* THE TASK *
An exact reproduction of all the data is needed, with no images in it.

** Opening EXERCISE MATERIAL block **

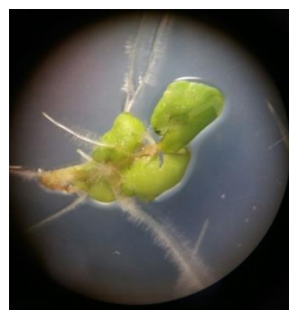
شکل ۴. ریشه موپین القاشده با سویه ATCC15834 در گونه زوفای باریک برگ
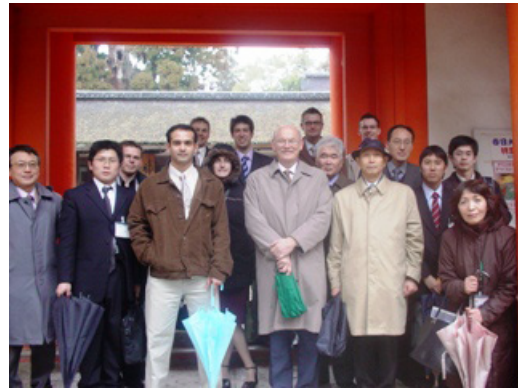
写真 4 春日大社にて
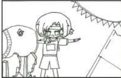
6年1組 阿部 菜緒
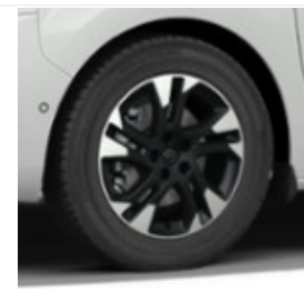
Felgi aluminiowe 17x70
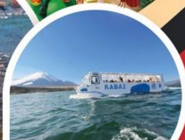
รถสะเทินน้ำสะเทินบก
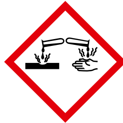
Abb. 14 Kennzeichnung eines Stoffes mit Ätzwirkung

Für Reinigung und Desinfektion sind nur Produkte zu verwenden, für die der Hersteller bescheinigt hat, dass sie dem Stand der Technik entsprechen und unter Berücksichtigung der Getränk-

** Closing EXERCISE MATERIAL block **

* EXERCISE ANSWER *
شکل ۴. ریشه موپین القاشده با سویه ATCC15834 در گونه زوفای باریک برگ
写真 4 春日大社にて
6年1組 阿部 菜緒
Felgi aluminiowe 17x70
รถสะเทินน้ำสะเทินบก
Abb. 14 Kennzeichnung eines Stoffes mit Ätzwirkung

Für Reinigung und Desinfektion sind nur Produkte zu verwenden, für die der Hersteller bescheinigt hat, dass sie dem Stand der Technik entsprechen und unter Berücksichtigung der Getränk-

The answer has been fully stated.